USD/INR Trades Above 55.0
06:58, 19th November 2012
(RTTNews) - The Indian rupee extended Friday's downtrend versus the US dollar on Monday, falling below the 55.0 per dollar mark for the second consecutive session as caution prevailed ahead of a "no-confidence motion" against the ruling UPA government in the winter session of Parliament.
The Trinamool Congress, which quit the government over two months back, announced over the weekend that her party would move a "no confidence" motion in the house against Congress-led UPA II government, rendering investor mood cautious despite firm global cues.
Most Asian markets rose and European markets ended a three-session losing streak, after U.S. President Barack Obama expressed confidence that he and Congress would reach a deal on how to cut the budget deficit of nearly $1.1 trillion, which amounts to more than 7 percent of the nation's gross domestic product.
The benchmark BSE Sensex ended the session up 30 points or 0.16 percent at 18,339, with only 13 of its components advancing.

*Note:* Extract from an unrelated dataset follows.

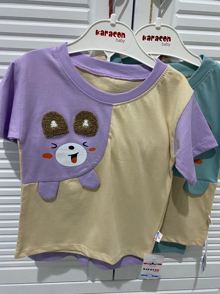 Pastel renklerde, baskılı desenli yumuşak kumaştan çocuk şortlu takım Konforlu ve rahat kullanım sağlar. 'karacen' markalıdır. Hiçbir kusuru yoktur etiketli ürün
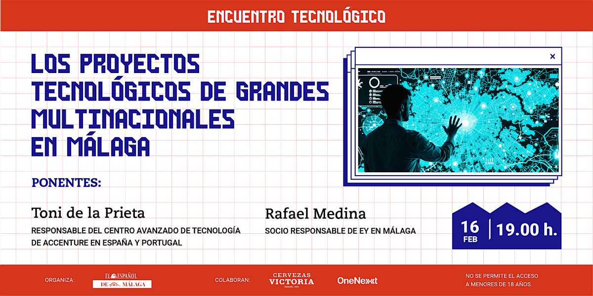 ¿Quieres conocer en qué proyectos tecnológicos están trabajando dos grandes multinacionales en Málaga como Accenture y EY? EL ESPAÑOL de Málaga te da la oportunidad de saberlo en su XXXIX Encuentro Tecnológico que tendrá lugar el lunes 16 de febrero a las 19:00 en Cervezas Victoria.

The broader Nifty index slipped by 3 points or 0.05 percent to 5,571.
The rupee fell as low as 55.2050 against the US dollar but managed to stay a few pips below Friday's fresh 2-month low of 55.2350. The rupee is heading towards a major support level of 56.0 versus the greenback, a level set in early September. The near-term bearish target for the domestic unit is seen around the 55.50/60 area.